Consiguieron llegar a los primeros edificios cuando algunas arpías ya habían abandonado la persecución. Se metieron en un edificio derruido, cruzaron un arco donde antaño debió de existir un portal y se cobijaron en un hueco de la pared del que salían las escaleras. Subieron corriendo los primeros tramos. Se dejaron caer al suelo en un rellano que daba al hueco de un ascensor. Permanecieron varios minutos en silencio, jadeando, con las cabezas moviéndose de arriba abajo nerviosamente, los músculos crispados que no dejaban de temblar.
Maj miró a Cloe, su rostro, que conjugaba rasgos duros, la mandíbula estrecha, la frente arrugada, y curvas suaves, en las mejillas, alrededor de los ojos.
—No puedo volver al edificio de las amazonas, ve sola, han visto esas imágenes, han visto que soy una niña rica del Paraíso, han visto…
Cloe la interrumpió poniéndole una mano en la boca.

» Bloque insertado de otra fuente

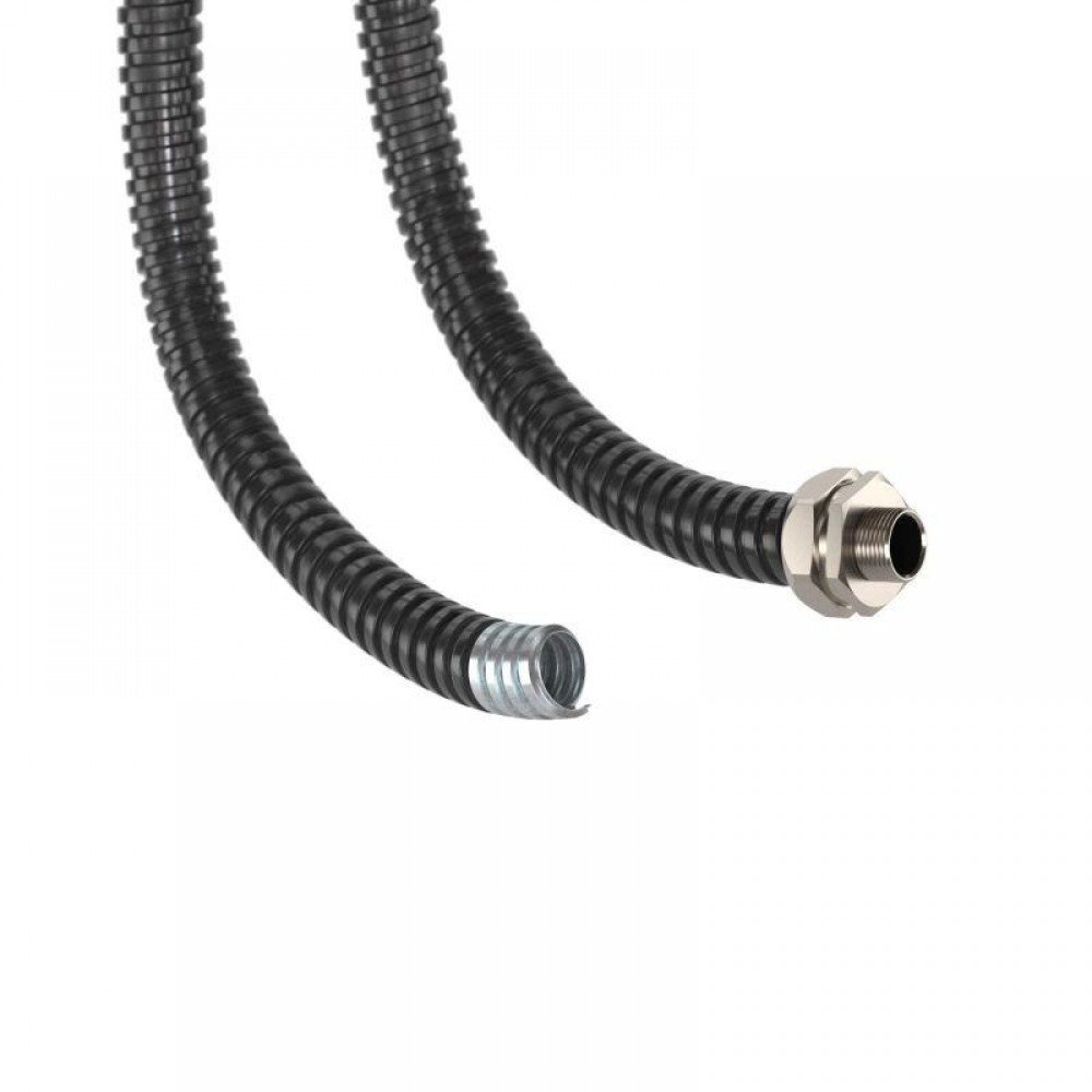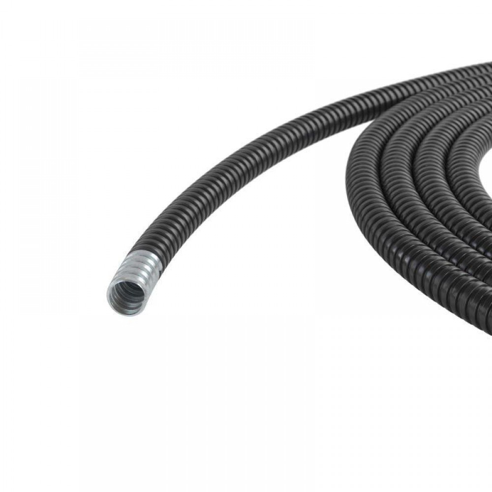 Гибкие металлические трубы могут прокладываться под удобным углом, что повышает адаптивность системы под различные задачи и облегчает монтаж. Отличительные особенности металлорукавов - гибкость и высокая прочность. Металлорукав в ПВХ-изоляции имеет высокую степень герметизации - IP 66/67 и промаркирован через каждый метр для удобства монтажа. Внутренний диаметр - 12 мм. Цвет - черный.

—Todavía no has entendido. Los realizadores te han pintado como una criminal sin escrúpulos, eres la chica del Paraíso, pero la que desafía a los guardias, y cuando las amazonas te juzguen también lo entenderán. Tienes que jugar bien tus cartas.
—¿Por qué estás haciendo todo esto? —volvió a preguntar Maj.
—Porque necesito una amiga.
—No sé si puedo ser una buena amiga —dijo Maj.
—No necesito que seas buena. Solo necesito una amiga.